El Gobierno nacional entregó al Pacto Histórico la reforma a la Ley 30 con el propósito de abrir su discusión en el Congreso de la República, según informó La FM en su publicación sobre el tema. La decisión marca el inicio formal del trámite legislativo de una iniciativa que llevaba meses en preparación dentro del Ejecutivo.
La reforma tiene como objetivo central la actualización del sistema de educación superior colombiano. Para ello plantea un nuevo modelo de financiamiento y gobernanza orientado a fortalecer la educación pública, un punto que ha sido objeto de debate en los últimos años entre rectores, estudiantes y congresistas.
La Ley 30 de 1992 es la norma que hoy regula la organización y el funcionamiento de las instituciones de educación superior en Colombia, incluyendo el régimen de las universidades públicas y privadas, los mecanismos de inspección y vigilancia, y las reglas sobre el presupuesto del sector. Cualquier modificación a esa legislación implica redefinir las condiciones en que operan las universidades del país.
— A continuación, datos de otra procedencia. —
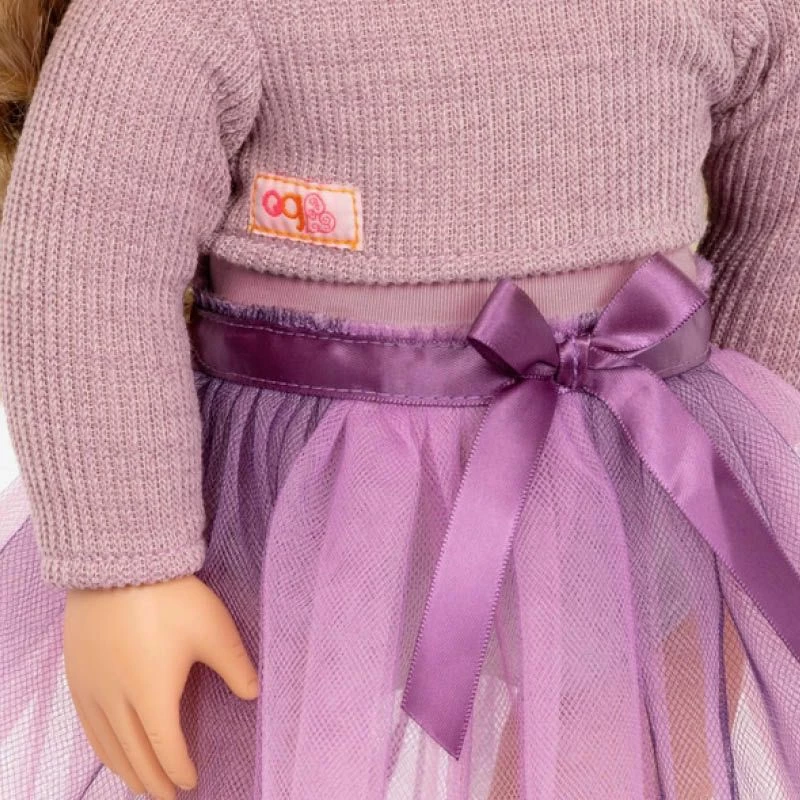 Snurr og skinn med Savannah, Our Generation 46 cm ballerina-dukken med langt, bølget blondt hår og mørkeblå øyne som åpnes og lukkes! Savannah kan rotere nakken, armene og beina for å utføre piruetter og andre morsomme ballettstillinger mens hun danser på scenen. Ta på Savannah’s rosa skuldertrekk mens hun trener på rutinen sin, og sett opp et magisk show med hennes fantastiske ballettkjole! Savannah har en rosa leotardkjole med lyslilla tyllskjørt og dekorativt bånd i livet. Og det matchende hodebåndet gir frisyren et ekstra snev av søthet. Savannah’s antrekk er lett å åpne og lukke, slik at du raskt kan ta av og på, slik at hun kan feire med vennene sine i andre fargerike antrekk etter at hun mottar applaus!
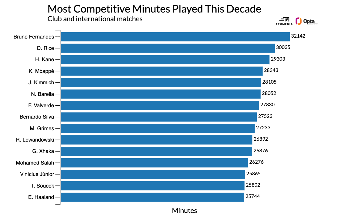 So, to review: Fernandes has played over 2,000 more competitive minutes than any other midfielder or attacker since 2020 — that’s nearly a full extra season of game time compared to second-place Declan Rice.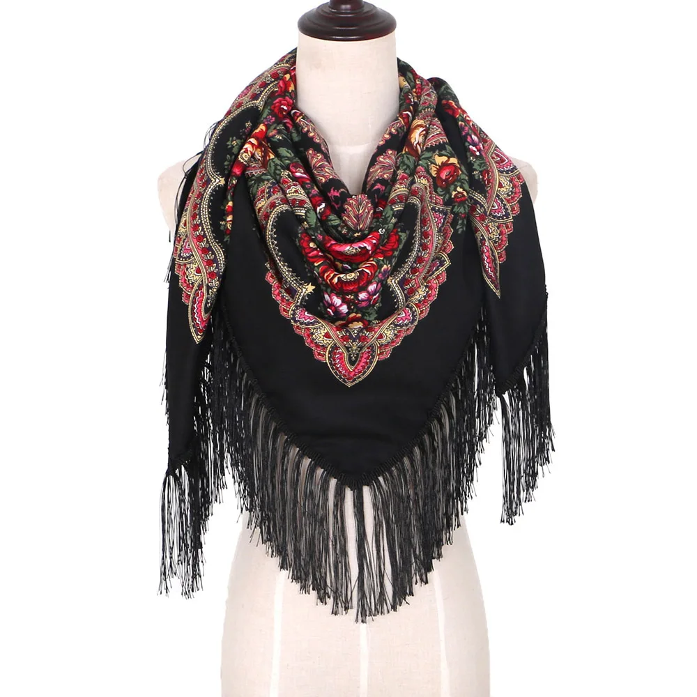 Хлопковый шарф с бахромой в этническом стиле, мусульманский хиджаб на голову, осенне-зимняя шаль в ретро-русском стиле с принтом, женский платок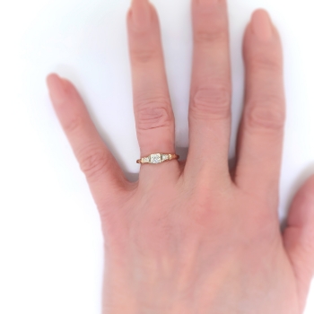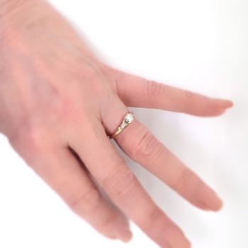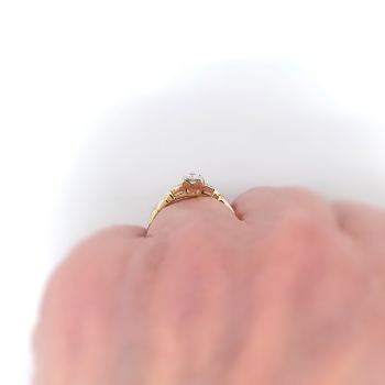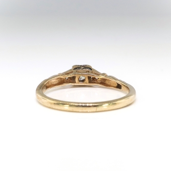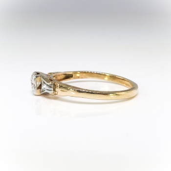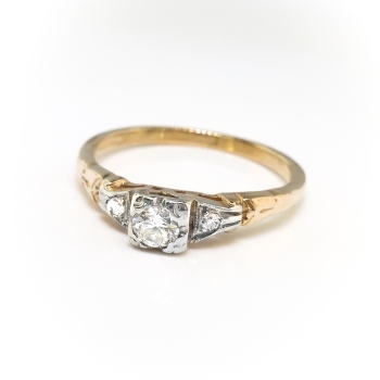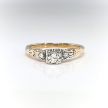 A charming, petite 14k yellow and white gold diamond engagement ring, of cast and assembled construction, circa mid-20th century is ready to delight! This two-tone gold ring features a round brilliant cut diamond set in a four-prong illusion mounting flanked by two single cut diamonds bead-set within millegrain-edged, geometric mountings, all in white gold, on the shoulders of the half-round, yellow gold, engraved shank, which measures from 1.63 to 2.11 mm in width. The center diamond is VS2 in clarity, H-I in color, cut grade: good, measures approximately 3.54 mm in diameter, and weighs approximately .16 carats. The two single cut diamonds are SI2 in clarity, H-I in color, measure approximately 1.53 mm in diameter, and weigh approximately .01 carats each. Approximate total gem weight: .18 carats. This ring is currently a size 5.75. The ring is unmarked. Total weight: 1.5 grams. The cost of additional sizing up or down will be determined on a case by case basis so please inquire :). Ring re-sizing takes an additional 1-5 business days. I will be more than happy to email this ring's current certified and guaranteed retail replacement appraisal upon completion of sale, just ask! Questions welcome on 2165-Ring.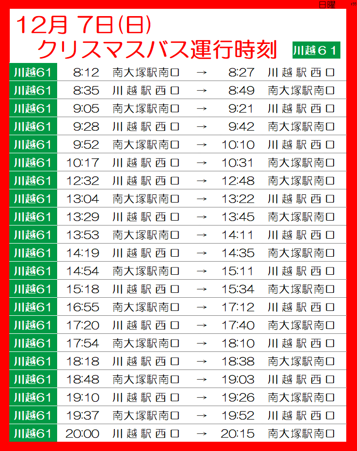 たくさんのお友だちに乗ってほしいから、土曜・日曜、12月24日(水)クリスマスイヴ、12月25日(木)クリスマスに限り、運行時刻をこのページに掲載します!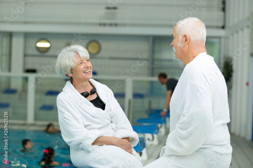 Obraz premium elderly people talking casual next to swimming pool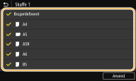 Fjern afkrydsningsfelterne for de papirformater, du ikke vil have vist.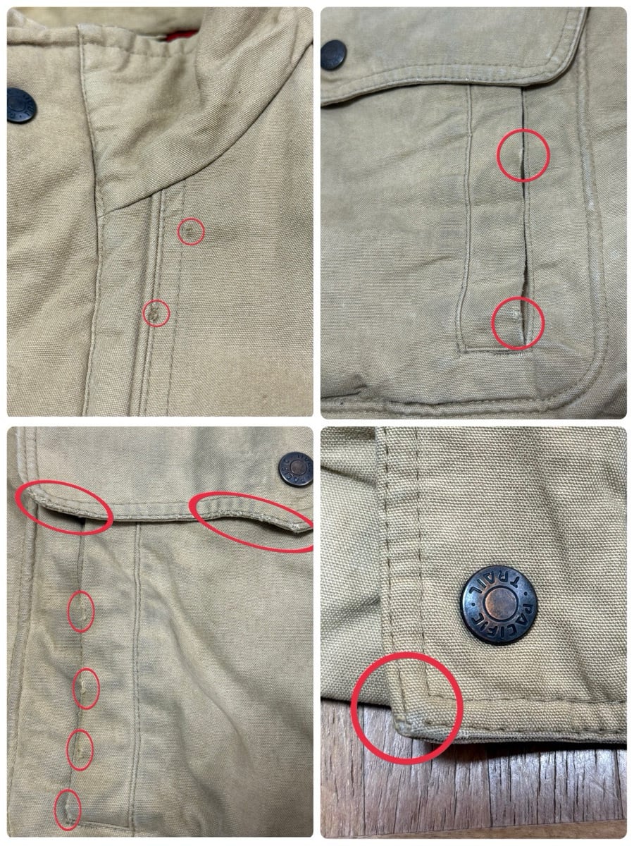 襟周りジップありますが、付属品無し。袖先、首元下、ポケット口、裾、5㎜〜1.5㎝程度のダメージ数カ所あり。袖、襟周り内側、胸辺り、背中、全体的に色褪せ、色むら数カ所あり。袖、右胸、お腹、左右ポケット辺り、裾、薄汚れ数カ所あり。背中、擦れで白っぽくなっているところ数カ所あり。

El texto fue entregado específicamente al Pacto Histórico, la coalición política que agrupa a varios partidos de izquierda y movimientos sociales en el Congreso. Esa bancada será la encargada de liderar la ponencia y promover el debate en las comisiones correspondientes antes de que el proyecto llegue a las plenarias de Senado y Cámara.
La entrega al Pacto Histórico se interpreta como una señal del Gobierno sobre el papel central que tendrá esa colectividad en la construcción del proyecto. En la práctica, eso significa que los ponentes y coordinadores de la reforma provendrán de esa bancada, aunque el texto estará abierto a observaciones de otros partidos y de la sociedad civil en las audiencias públicas que se convoquen.
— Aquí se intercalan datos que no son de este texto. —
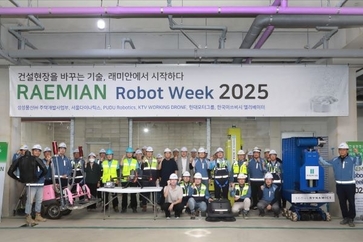 인더뉴스 제해영 기자ㅣ삼성물산 건설부문은 지난달 30일 반포3주구 재건축 현장에서 ‘RAEMIAN Robot Week 2025’를 열고 주택 건설 로봇 5종을 시연했다고 1일 밝혔습니다. 이번 행사는 건설 현장에 로봇 기술을 적용해 위험 요소를 줄이고 생산성을 높이는 방안을 모색하기 위해 마련됐습니다. 행사에는 삼성물산 김명석 주택사업본부장(부사장)을 비롯해 서울다이나믹스 이거송 대표이사, 케이티브이워킹드론 김윤철 대표이사, 푸두로보틱스, 현대자동차그룹 로보틱스랩 관계자와 한국미쓰비시엘리베이터 박연규 본부장(전무) 등이 참석했습니다. 이들은 로봇 협업사와 함께 기술 협력 방안을 논의했습니다. 시연된 로봇은 ▲자율주행 지게차 ▲자재 이동 로봇 ▲청소 로봇 ▲살수 드론 ▲웨어러블 로봇 등 5종입니다. 자율주행 지게차와 자재 이동 로봇은 야간에 자재를 자동 운반해 주간 작업 간섭을 최소화하고 작업 효율을 높입니다. 특히 자재 이동 로봇은 엘리베이터를 호출해 직접 탑승하고 아파트 내부까지 운반할 수 있습니다. 케이티브이워킹드론의 살수 드론은 해체 공사 현장에서 근접 작업 없이 고층 구조물에 살수를 가능하게 해 작업자의 안전을 강화합니다. 또한 푸두로보틱스의 청소 로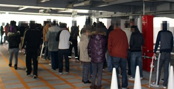 スタッフの話を聞いてみると、雨が降っていたため、これでも通常より人数が少ないとのことだ。悪天候にもかかわらず100名以上が集まる…というだけでも期待されていることの証だろう。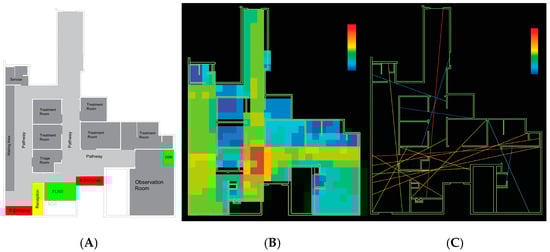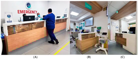 (A) Reception, (B) first-look nurse station (FLNS), and (C) observation nurse station (ONS) room in case study “C”.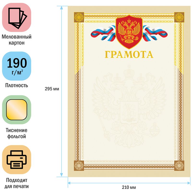 Грамота А4, ArtSpace, мелованный картон, тиснение фольгой, бежевая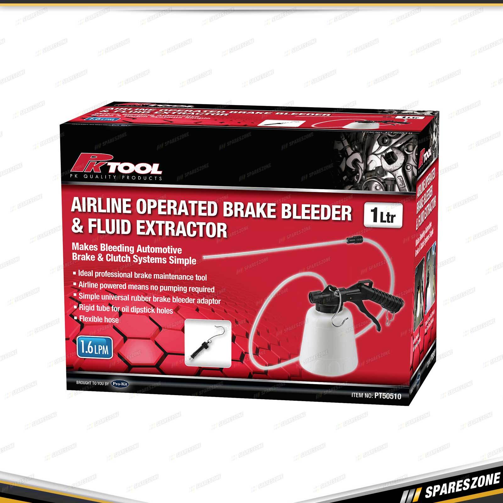 Contents : 1 x PK Tool Air Operated Brake Bleeder & Fluid Extractor

La iniciativa contempla el fortalecimiento de la educación pública como uno de sus ejes, lo que incluye a las universidades estatales y a las instituciones técnicas y tecnológicas oficiales. El nuevo modelo propuesto apunta a redefinir los criterios de asignación de recursos, la relación entre el Ministerio de Educación y las instituciones, y los mecanismos de calidad y acreditación.
Para los estudiantes y las comunidades universitarias, una reforma de esta magnitud puede traducirse en cambios en el acceso, la permanencia, los créditos y los planes de estudio. Sectores del movimiento estudiantil han planteado en debates previos la necesidad de mayor financiación, mientras que las universidades públicas han advertido sobre la sostenibilidad financiera si no se modifican las reglas actuales.
En el ámbito de las instituciones privadas, la reforma también podría impactar el régimen de creación, ampliación y vigilancia, así como los criterios para ofrecer programas académicos. El debate legislativo que se avecina deberá conciliar esas posturas con el propósito declarado de fortalecer la educación pública.
El siguiente paso será la radicación formal del proyecto y su reparto a las comisiones constitucionales del Congreso, donde se designarán ponentes y se abrirá el ciclo de audiencias públicas. La reforma a la Ley 30 será una de las piezas legislativas más discutidas del actual periodo, dada la sensibilidad social y política del sistema de educación superior en Colombia.
Según la información publicada por La FM, el Gobierno confía en que el acompañamiento del Pacto Histórico permitirá avanzar en el trámite. El desenlace dependerá del consenso que se construya en el Legislativo y de la presión de los distintos actores del sector educativo durante el debate.